» What to work on
Please repeat exactly the lines from the one containing "Rotativa GT6, fabricada" through the last line of the records below, both included, and leave out any pictures.

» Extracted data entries
* * *
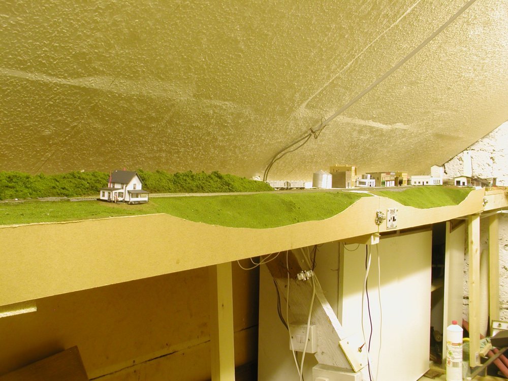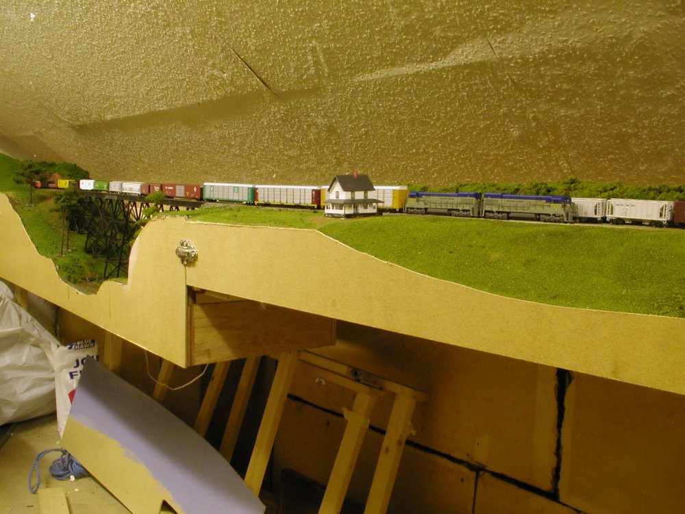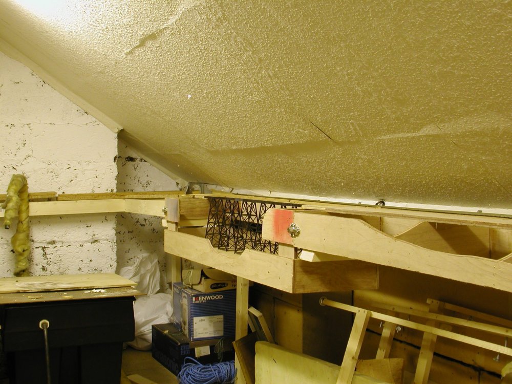 ONe-TRAK appears to have been devised in the late 1990s to allow more realistic operation (within an American context) and more realistic scenery by avoiding the "tile' effect of traditional modular layouts, the 15" group adapted a similar approach to 4mm British outline branch line modelling in the 1980s and more recently the "One Track Minds Group" modelling in New Zealand Railways in S Scale. One Track Minds went for 2' wide modules to allow reasonably realistic modelling of typical New Zealand Bush and Footrot Flats countryside. Modeler's essentially building small layouts with a modular interface. I experimented with modular construction in N gauge with open farmed baseboards about 20 years ago though never got beyond the development stage in terms of scenery Small yard with wooded mountain backdrop 12" wide 3'6" modules. Passing siding open frame construction 2--12"X4' modules, the original plan was to add an additional module to allow longer trains to cross. Tall steel trestle module interfaced with crossing siding modules. Open frame baseboard construction.
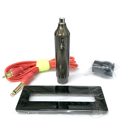 Rotativa GT6, fabricada por AVA; máquina tipo PEN para agujas de cartuchos. Es verdaderamente fuerte aun trabajando a baja tensión. Incluye un segundo grip intercambiable de 30mm, bandeja expositora para la maquina y cable RCA de regalo.
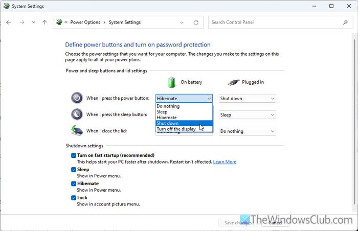 Ensuite, développez leQuand j'appuie sur le bouton d'alimentationmenu déroulant et sélectionnez leFermeroption pourSur batterieainsi queBranché.
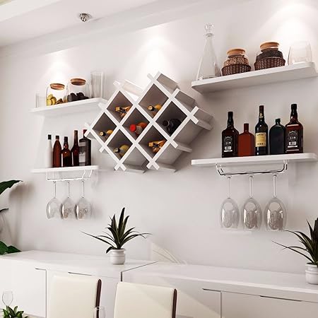 Black White Wall Mount Wine Rack Bottle Holder Champagne Glass
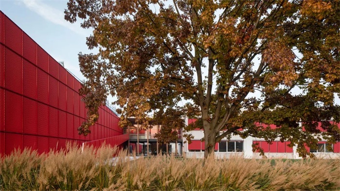 从建筑工程的角度来看,该项目的干预方法是以“再生”为重点,用轻质的和可恢复原状的新建筑取代现有的工业厂房。在景观层面,新增的植物种植和绿化区域使场地与周围的农田、山丘“重新缝合”。
* * *
» Exercise solution
 Rotativa GT6, fabricada por AVA; máquina tipo PEN para agujas de cartuchos. Es verdaderamente fuerte aun trabajando a baja tensión. Incluye un segundo grip intercambiable de 30mm, bandeja expositora para la maquina y cable RCA de regalo.
 Ensuite, développez leQuand j'appuie sur le bouton d'alimentationmenu déroulant et sélectionnez leFermeroption pourSur batterieainsi queBranché.
 Black White Wall Mount Wine Rack Bottle Holder Champagne Glass
 从建筑工程的角度来看,该项目的干预方法是以“再生”为重点,用轻质的和可恢复原状的新建筑取代现有的工业厂房。在景观层面,新增的植物种植和绿化区域使场地与周围的农田、山丘“重新缝合”。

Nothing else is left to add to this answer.